Scoperta di grotte carsiche nei diapiri salini di Zinga, in Calabria – .

Un patrimonio geologico unico

Nel mondo delle rocce evaporitiche, l’halite, detta anche salgemma, è una roccia nella quale i fenomeni carsici si sviluppano con una velocità di diversi ordini di grandezza superiore a quella a cui siamo abituati.

Tuttavia, la sua estrema solubilità, che raggiunge circa 360 grammi per litro d’acqua, rende questi fenomeni praticamente confinati ai climi aridi.

Inoltre i banchi di salgemma, pur presenti in grandi quantità nella crosta terrestre, nella maggior parte dei casi non emergono, ma si ritrovano sepolti anche a chilometri di profondità.

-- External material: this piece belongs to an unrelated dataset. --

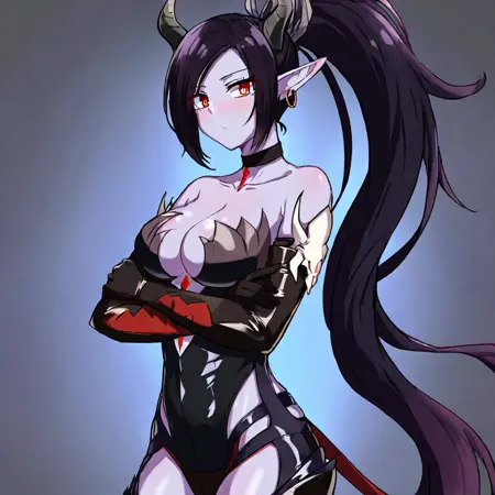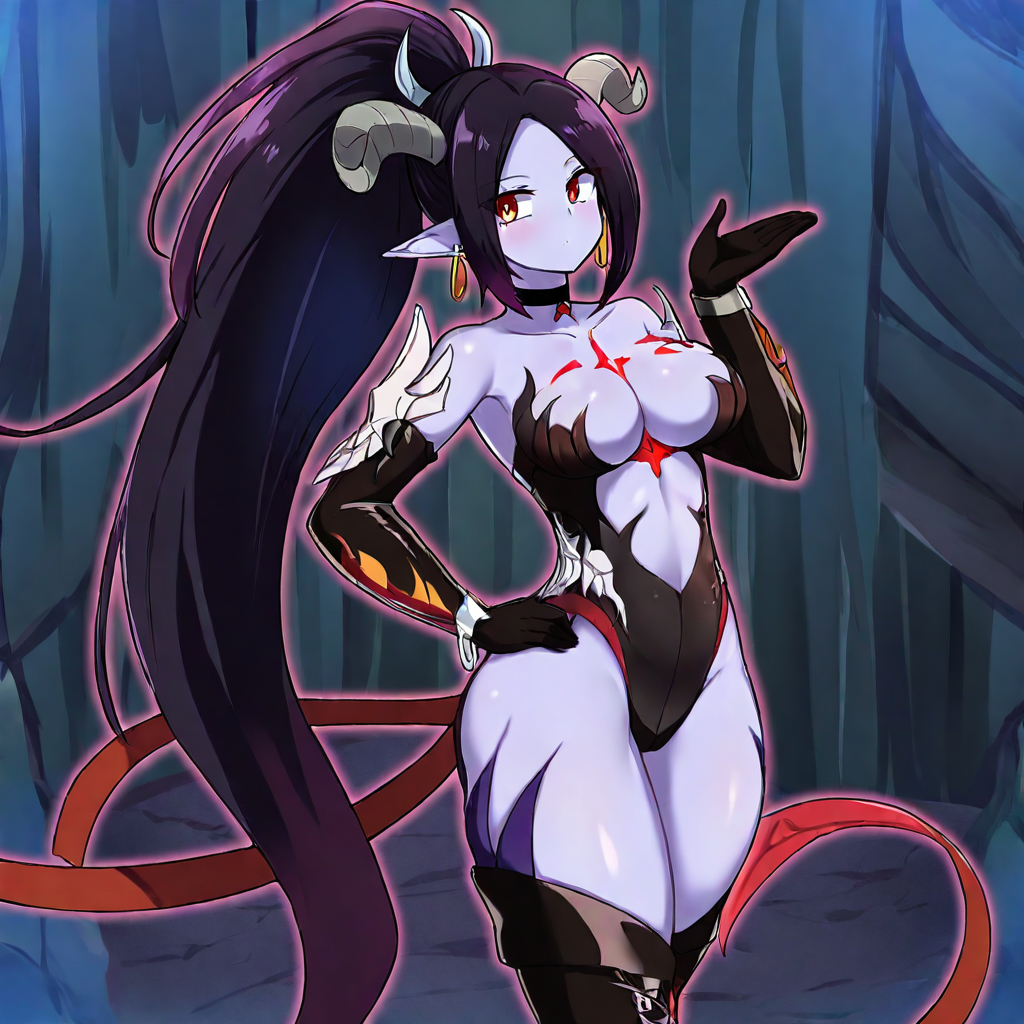 | トレーニングワード | DNF_Mistress_ss, 1girl, solo, black hair, very long hair, ponytail, colored skin, purple skin, red eyes, pointy ears, horns, tail, demon girl, large breasts, cleavage, collarbone, revealing clothes, bare shoulders, choker, earrings, jewelry, gloves, black gloves, elbow gloves, thighhighs, boots, thigh boots, black footwearコピーしました! |

Ciò rende le grotte di sale un fenomeno piuttosto raro e insolito.

Fortunatamente, il sale ha la tendenza a salire in superficie, principalmente sotto forma di estrusioni, che sono grandi cupole o colonne di sale, note come diapiri di sale.

In giro per il mondo è possibile trovare una discreta quantità di questi diapiri, come isole di sale di varie dimensioni.

Alcuni di essi sono ancora interessati da una spinta capace di generare vere e proprie “fontane” e ghiacciai salati che scorrono lentamente, come il Namakier in Iran, mentre altri sono ormai immobili.

In Italia, nel contesto della crisi di salinità messiniana, oltre alla sequenza di banchi di gesso, si sono generati anche potenti banchi di salgemma.

Purtroppo questi ultimi giacciono sepolti in profondità e sono stati raggiunti solo dall’attività mineraria.

Esiste però una fortunata eccezione in Calabria, nel bacino di Crotone, dove all’interno delle note serie evaporitiche, sono presenti diversi piccoli diapiri salini che affiorano in superficie, prevalentemente nel territorio del comune di Casabona.

La presenza di questi diapiri è nota in bibliografia almeno dagli anni ’60 ed è stata citata in diversi lavori sulla formazione carsica nei gessi.

Recentemente alcune ricerche hanno affrontato la caratterizzazione delle diverse facies presenti e lo studio delle inclusioni fluide nei cristalli per ricostruirne le condizioni paleoclimatiche originarie.

Nell’ambito del patrimonio geologico nazionale si tratta di un caso praticamente unico, tanto che l’area ha raggiunto negli ultimi anni una certa visibilità come geosito e meta di turismo geologico.

Dal punto di vista speleologico, invece, l’esistenza di grotte in queste formazioni non è documentata in bibliografia.

Recentemente un gruppo di ricercatori composto da Andrea Benassi, Roberto Pettirossi e Mauro Masci si è recato sul posto per valutare le potenzialità dell’area.

La loro breve ricerca si è concentrata sui quattro punti principali in cui emerge la matrice salina, in parte protetta da una sottile roccia di copertura breccia e in parte ricoperta da argille.

Qui è documentata l’esistenza di almeno sei grotte tra pozzi, risorgive e doline che si sviluppano nel salgemma, per un totale di circa 200 metri di estensione.

Allo stato attuale delle conoscenze questo è sicuramente il fenomeno più importante presente.

Localmente conosciuta come Grotte della Mandria Vecchia, era conosciuta dagli abitanti di Zinga da un ingresso all’altro per almeno 60-70 anni e veniva visitata saltuariamente almeno fino a 15-20 anni fa, quando alcune frane ne resero difficoltosa la visita. accesso.

La solubilità del sale rende gli speleotemi di salgemma qualcosa di molto effimero e mutevole, ma anche affascinante nelle loro forme e tipologie.

Accanto a stalattiti, croste, orli, zattere e molte altre forme microcristalline, nelle grotte esplorate sono esposti anche numerosi speleotemi macrocristallini basati su cristalli cubici di salgemma, tra cui tutta una serie di stalattiti composte da una sequenza di cristalli scheletrici ed euedrici.

Data l’estensione dei diapiri, da un punto di vista esplorativo è difficile immaginare la presenza di grandi sistemi sotterranei.

Allo stesso tempo, la documentazione di queste grotte, anche se di limitata estensione, aggiunge indubbiamente valore al contesto e alla sua unicità sul territorio nazionale.

Possiamo anche immaginare interessanti ricerche e monitoraggi sull’evoluzione di questi fenomeni nel tempo, sia per quanto riguarda il ciclo degli speleotemi, sia per quanto riguarda l’evoluzione morfologica di questi piccoli sistemi, che ben si prestano a diventare modelli da studiare.

I ricercatori torneranno sicuramente sui diapiri di Zinga, magari anche in compagnia di chi fosse interessato a documentare un tipo di speleologia diversa dal solito.